### DATA:
.....
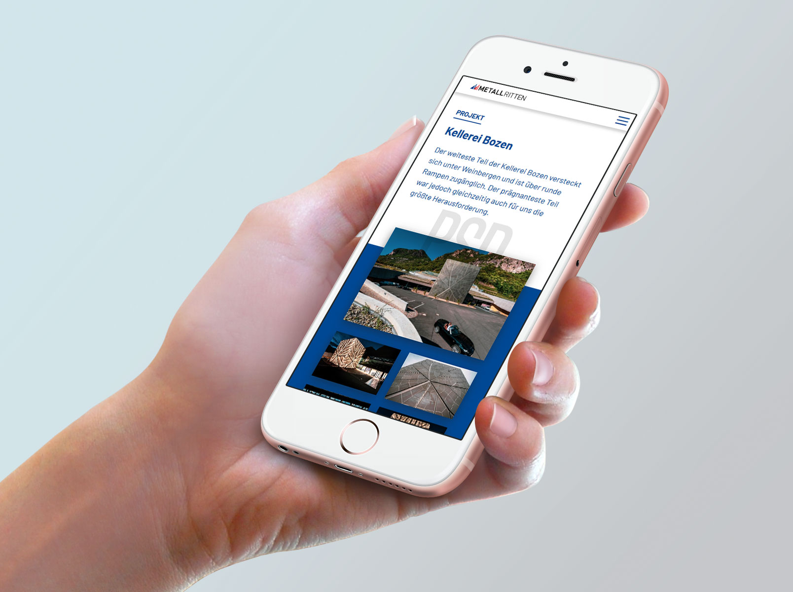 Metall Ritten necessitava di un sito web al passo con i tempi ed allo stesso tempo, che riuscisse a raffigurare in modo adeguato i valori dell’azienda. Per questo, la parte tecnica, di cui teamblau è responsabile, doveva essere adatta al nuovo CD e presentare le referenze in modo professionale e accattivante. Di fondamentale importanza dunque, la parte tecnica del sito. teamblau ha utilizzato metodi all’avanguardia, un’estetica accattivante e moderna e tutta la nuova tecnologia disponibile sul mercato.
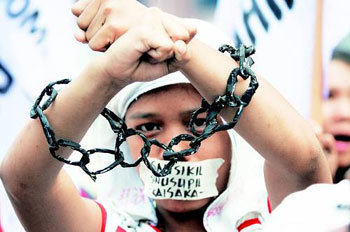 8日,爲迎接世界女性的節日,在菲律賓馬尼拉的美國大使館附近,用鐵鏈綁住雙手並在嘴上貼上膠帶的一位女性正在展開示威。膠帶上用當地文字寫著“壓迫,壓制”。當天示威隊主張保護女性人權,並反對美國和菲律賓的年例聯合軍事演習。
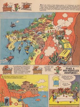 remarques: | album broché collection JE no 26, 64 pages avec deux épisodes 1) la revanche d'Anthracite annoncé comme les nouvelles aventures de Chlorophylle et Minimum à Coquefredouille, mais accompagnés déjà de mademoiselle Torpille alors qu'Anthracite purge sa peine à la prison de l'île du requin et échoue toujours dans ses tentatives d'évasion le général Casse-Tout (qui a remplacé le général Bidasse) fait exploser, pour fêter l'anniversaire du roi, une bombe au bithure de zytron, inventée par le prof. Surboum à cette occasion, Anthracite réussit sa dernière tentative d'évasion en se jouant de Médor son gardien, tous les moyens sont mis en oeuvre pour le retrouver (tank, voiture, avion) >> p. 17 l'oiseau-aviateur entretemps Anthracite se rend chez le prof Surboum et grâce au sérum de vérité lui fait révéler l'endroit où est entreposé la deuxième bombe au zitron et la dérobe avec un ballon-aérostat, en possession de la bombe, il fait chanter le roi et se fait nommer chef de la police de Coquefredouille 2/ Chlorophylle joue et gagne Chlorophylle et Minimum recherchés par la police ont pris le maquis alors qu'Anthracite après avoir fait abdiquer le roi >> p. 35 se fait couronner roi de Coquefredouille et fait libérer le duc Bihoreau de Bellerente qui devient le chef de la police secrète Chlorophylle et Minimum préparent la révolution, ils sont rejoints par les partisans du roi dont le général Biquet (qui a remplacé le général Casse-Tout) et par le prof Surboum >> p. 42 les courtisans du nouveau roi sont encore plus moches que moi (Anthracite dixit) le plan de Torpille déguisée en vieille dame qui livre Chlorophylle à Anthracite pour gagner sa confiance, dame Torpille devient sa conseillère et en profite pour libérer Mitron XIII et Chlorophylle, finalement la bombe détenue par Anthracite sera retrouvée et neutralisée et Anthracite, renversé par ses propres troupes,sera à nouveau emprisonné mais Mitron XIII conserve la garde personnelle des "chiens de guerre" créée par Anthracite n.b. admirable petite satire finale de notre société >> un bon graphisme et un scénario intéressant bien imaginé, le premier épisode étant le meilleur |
.....
### INSTRUCTIONS FOR THE TASK:
Make an exact copy of the lines from the top of the material through the line with "8日,爲迎接世界女性的節日,在菲律賓馬尼", pictures excluded.

### SOLUTION TO THIS TASK:
 Metall Ritten necessitava di un sito web al passo con i tempi ed allo stesso tempo, che riuscisse a raffigurare in modo adeguato i valori dell’azienda. Per questo, la parte tecnica, di cui teamblau è responsabile, doveva essere adatta al nuovo CD e presentare le referenze in modo professionale e accattivante. Di fondamentale importanza dunque, la parte tecnica del sito. teamblau ha utilizzato metodi all’avanguardia, un’estetica accattivante e moderna e tutta la nuova tecnologia disponibile sul mercato.
 8日,爲迎接世界女性的節日,在菲律賓馬尼拉的美國大使館附近,用鐵鏈綁住雙手並在嘴上貼上膠帶的一位女性正在展開示威。膠帶上用當地文字寫著“壓迫,壓制”。當天示威隊主張保護女性人權,並反對美國和菲律賓的年例聯合軍事演習。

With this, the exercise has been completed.